SciencesPo (version 0.11.21)

soundexBR: Soundex Encoding For Portuguese BR

Description

SoundexBR returns a census-like soundex code of a string name, given the Portuguese (Brazilian) sound system. This function was firstly outlined to work with RecordLinkage package, however, it is also helpful as a standalone function. See details bellow.

Usage

soundexBR(term)

Arguments

term
a list, a vector or a data frame with strings.

Value

  • A character vector or matrix with the same dimensions as term.

encoding

UTF-8

Details

This function assign a soundex code for strings based on their sounds, instead of their spelling.
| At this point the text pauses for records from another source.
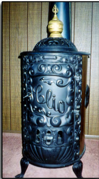
The original Clio stove for which the town was named, now at the White Sulphur Springs Ranch.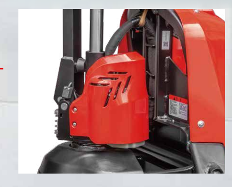
(Optional) Electric lifting/lowering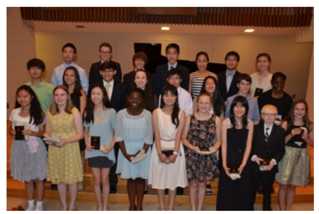
Division II Winner's Recital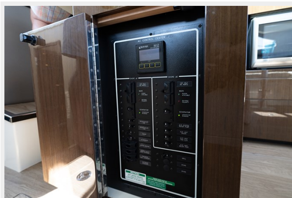
AC Control Center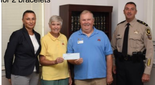
Westmoreland Sheriff Dept. accepted check for bracelets for Project Lifesaver Donation for 2 bracelets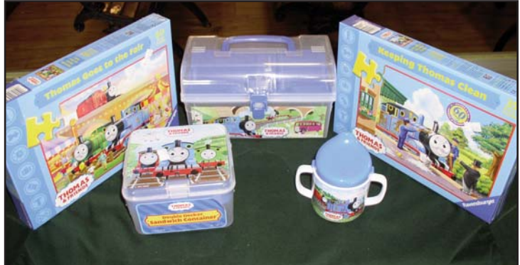
Some of our Thomas items include the Thomas & Friends puzzles, sipping mug, double decker sandwich container, and treasure box.

Thomas the Tank Puzzles : We have added a number of new puzzles to our selection.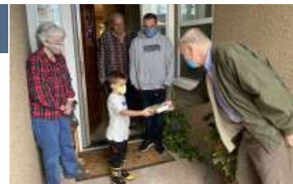
Centerpoint first graders received their Bibles from our pastors at home

presented them with their Bible. Dads, moms, grandparents, brothers and sisters, even some family dogs gathered on the doorstep to receive this treasured gift. Please pray for our Kids Ministry staff as they continue to find creative ways to bring Jesus to the children of our church. Check out our next event, Night in Bethlehem, on page 4!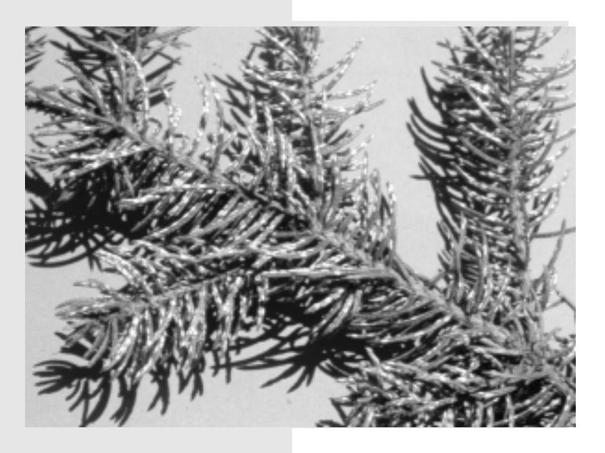
Figure 1. Pine needle scale.

common outside, in Wyoming. Pruning and maintaining plant vigor are often sufficient measures for controlling scale insects and mealybugs, but—if necessary—crawlers (the first nymphal form after hatching) can be treated with insecticides to reduce infestations.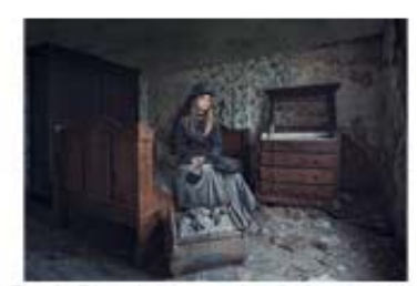
We Don't Play Anymore by Coltrane Koh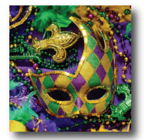
MARDI GRAS PARTY And Second Line Tuesday, March 1 I 3:00 pm

Join us for one last, hedonistic hurrah before the Lenten season begins. Laissez les bon temps rouler!!!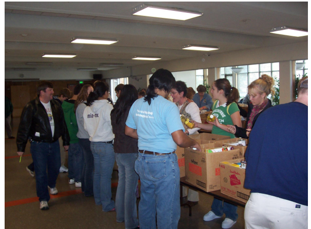
load-um up, move-um out...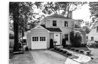
4106 Knowles Avenue Kensington/Warners Add SOLD in JUNE - $ 539,000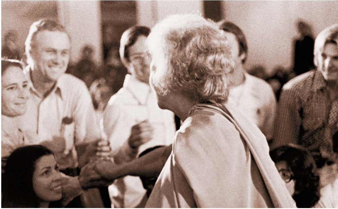
Greeting participants at Convocation, Biltmore Hotel, Los Angeles, 1978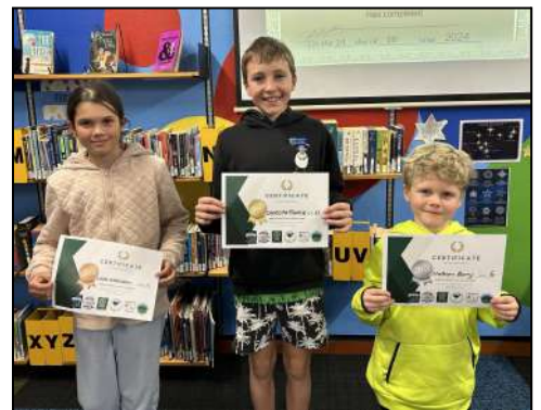
Cluster Cross Country Placegetters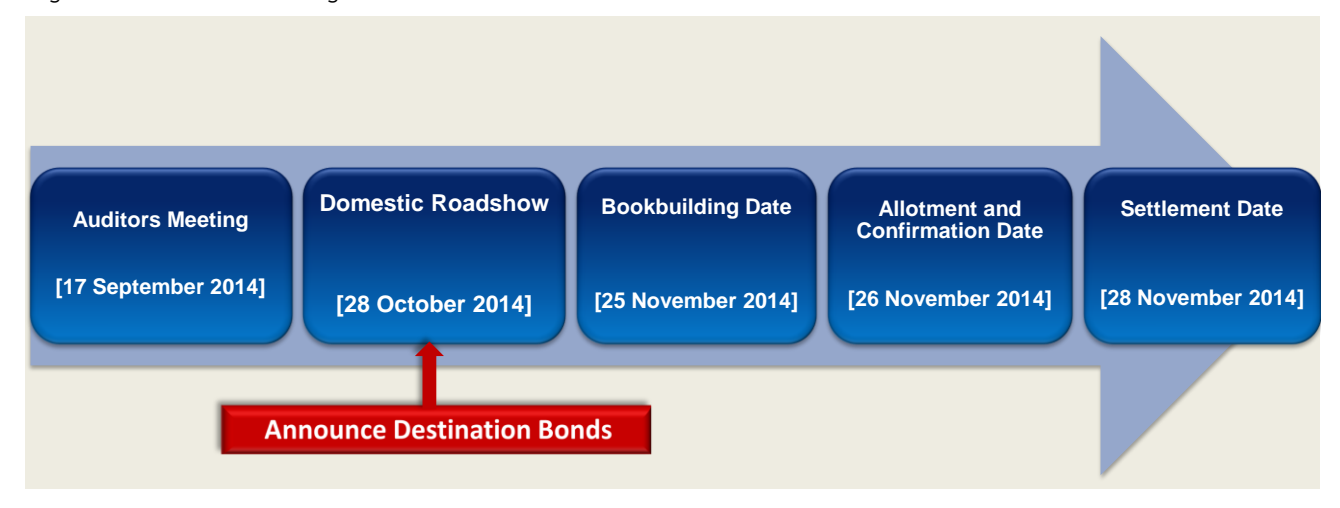
Figure 2: Bond Switching Timeline

PDMO has scheduled the inaugural Bond Switching to be in November 2014. In this transaction, "LB155A" will be the source bond and the destination bonds will be announced in the Domestic Bond Switching Roadshow on 28<sup>th</sup> October 2014. Bangkok Bank Public Company Limited, Kasikorn Bank Public Company Limited and Standard Chartered Bank (Thai) Public Company Limited are the joint lead managers of this transaction as well as other Bond Switching and Bond Consolidation transactions which will occur in FY2015. The timeline of the inaugural Bond Switching is shown in figure 2.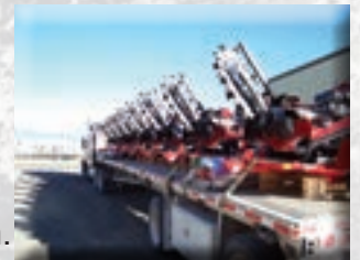
Ready to Ship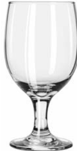
Embassy Goblet No. 3711 ■ 11½ oz./34.0 cl./340 ml. H6½ T2¾ B2¾ D3¼ 2 doz./13# • 1.07 cu.ft. SCC 369987 TRAEX TR-12HH □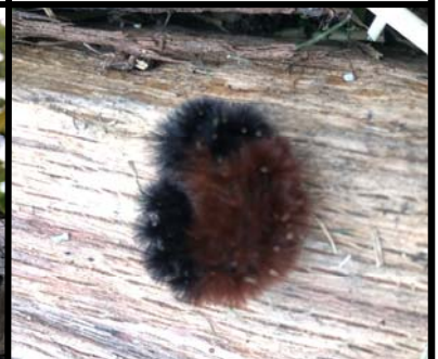
Woolly Bear Caterpillar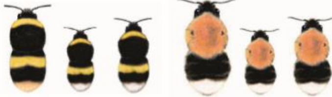
Q W M Buff-tailed bumblebee Bombus terrestris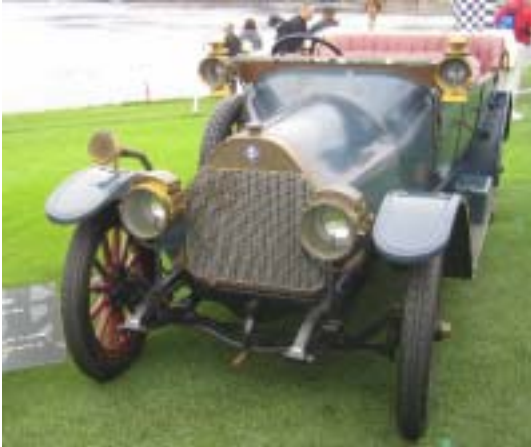
Sole surviving 1910 24hp ALFA (not yet Romeo) Torpedo last flew from Italy to Pebble Beach in 1985 and wound up towing a Tipo 159 Alfetta back to its transporter when it ran out of fuel.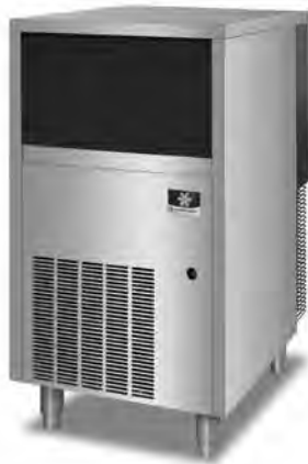
Model UNF-0200A Nugget Ice Machine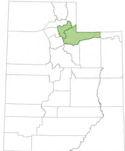
Figure 5. The Morgan-Summit Adaptive Resource Management (MSARM) Sage-grouse Local Working Group Conservation Area consists of 1,608,659 acres located in northern Utah.

The MSARM group has expanded discussions about weed management for sage-grouse, including discussions with a Morgan County commissioner regarding weed management's importance for sage-grouse. In addition, concerns over bulbous bluegrass conversions in sagebrush habitats generated some general project ideas that will hopefully result in WRI project proposals next year. UDWR continues to treat weeds on the two local Wildlife Management Areas (Henefer Echo and East Canyon) as needed. NRCS does many weed control projects with local landowners, although none were targeted specifically at sage-grouse habitat.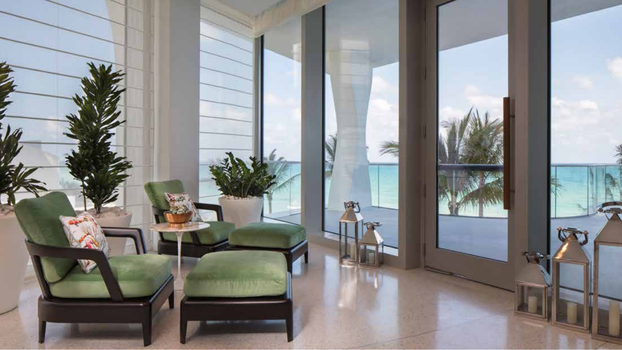
Spa Relaxation Room Ocean View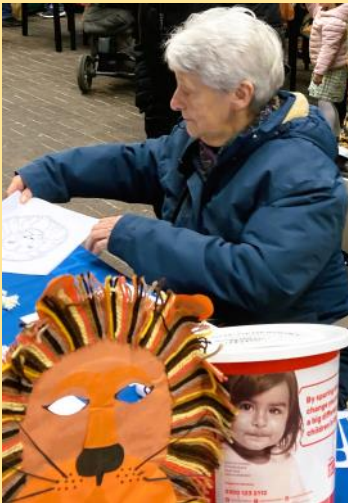
Helping out on the day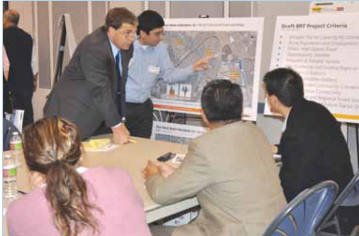
Team members answer questions about the South Bay BRT Project at a public meeting held on November 17, 2010.

presentation overview of the project and opportunities to learn more about the draft alternatives of the BRT at stations staffed by SANDAG team members. The criteria for selecting a final alternative was discussed in detail, and community members asked questions and provided their input on the project in both written and verbal form.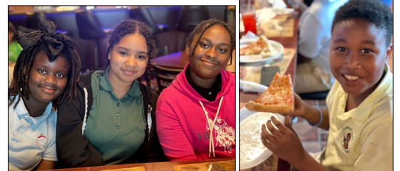
Our 5 th Graders enjoying their Graduation Pizza Party hosted by Mamma Mia 2 in Homestead!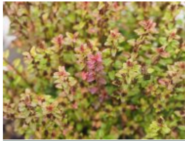
L. nitida 'Tidy Tips'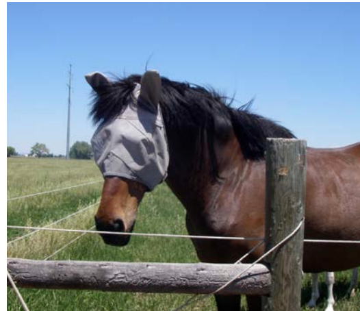
Fig.1. Horse owners have resorted to putting protective rugs, fly boots (left) and face masks (right) on their horses to reduce the numbers of biting flies affecting their animals.

The name “stable fly” is an historical name given to the fly when animals were housed over winter in the northern hemisphere. Being kept indoors for several months their straw bedding was rarely changed and the animals manure and urine mixing with the straw allowed the “stable fly” to develop in this fermenting material. The name “stable fly” suggests that this fly only comes from stables, which is simply not the case in and around Perth. Horse stables and owners rarely produce high numbers of biting flies as their manure is removed at least once daily and horse manure by itself is simply too dry for this fly to develop in, even if spread on irrigated, green pastures and watered.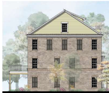
Lot 25 (HIGH VISE ELEVATION)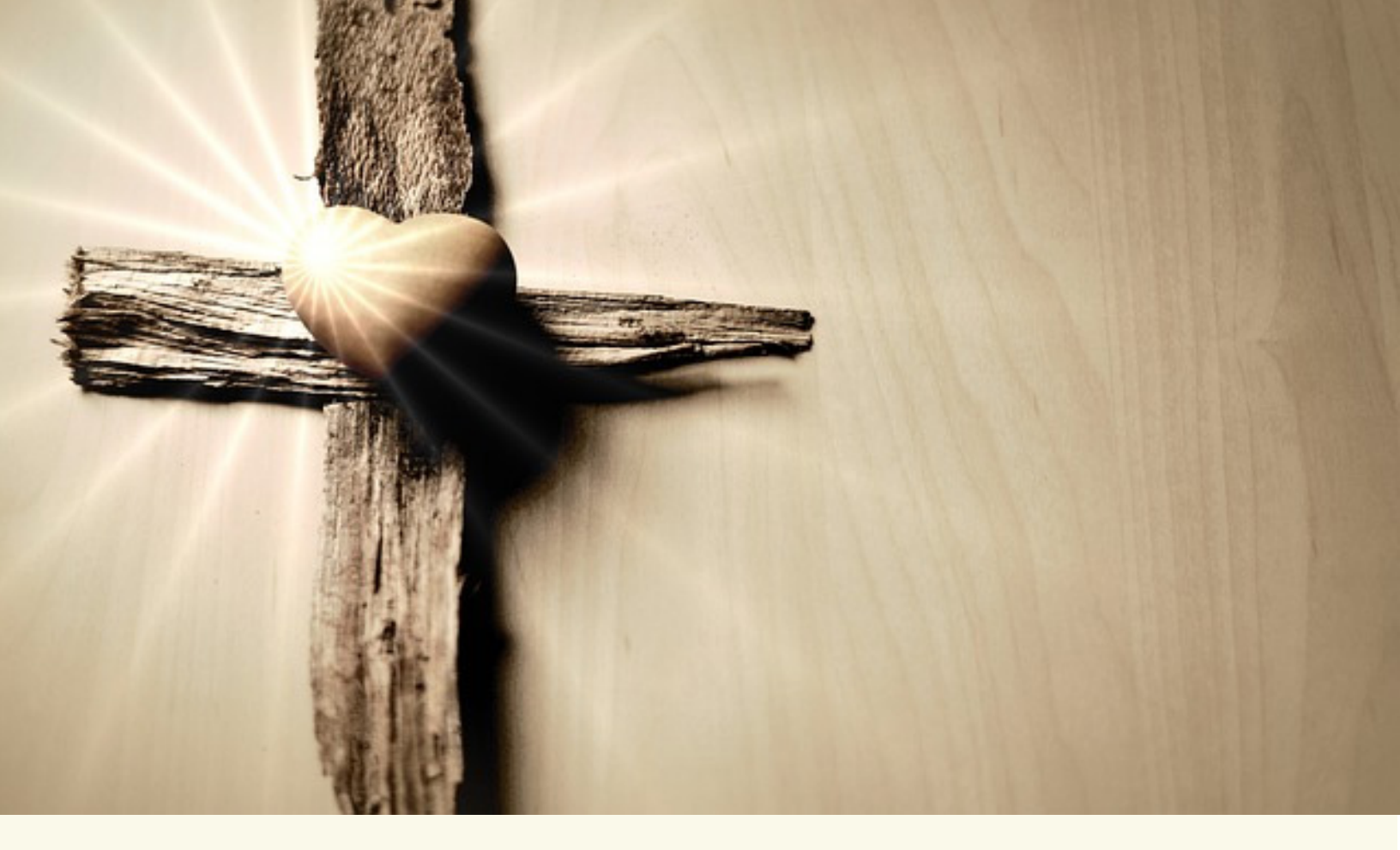
The Lutheran Church—Missouri Synod LCMS Stewardship Ministry Newsletter Article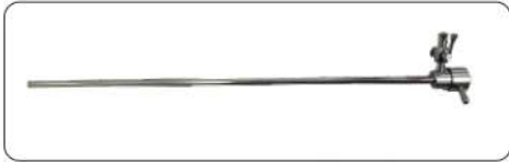
Hysteroscopic Examination Sheath With Atraumatic Distal End & Rotatable Stop Cock For 4mm & 2.9mm 30' Scope

For instance, names that sound alike, but spelled differently, like SOUZA and SOUSA, is assigned an identically code. Therefore, this function may help on to finding names even when they were registered with minor misspellings. The code consists of 4 digits long: a letter and three numbers as 0-000 and that the integers refers to the remaining letters.

References

Borg, Andreas and Murat Sariyar. (2012) RecordLinkage: Record Linkage in R, R package version 0.4-1, http://CRAN.R-project.org/package=RecordLinkage.

Camargo Jr. and Coeli CM. (2000) Reclink: aplicativo para o relacionamento de bases de dados, implementando o método probabilistic record linkage. Cad. Saúde Pública, 16(2), Rio de Janeiro.

Marcelino, Daniel (2013) SciencesPo: A Tool Set for Analyzing Political Behaviour Data, (http://dx.doi.org/10.2139/ssrn.2320547.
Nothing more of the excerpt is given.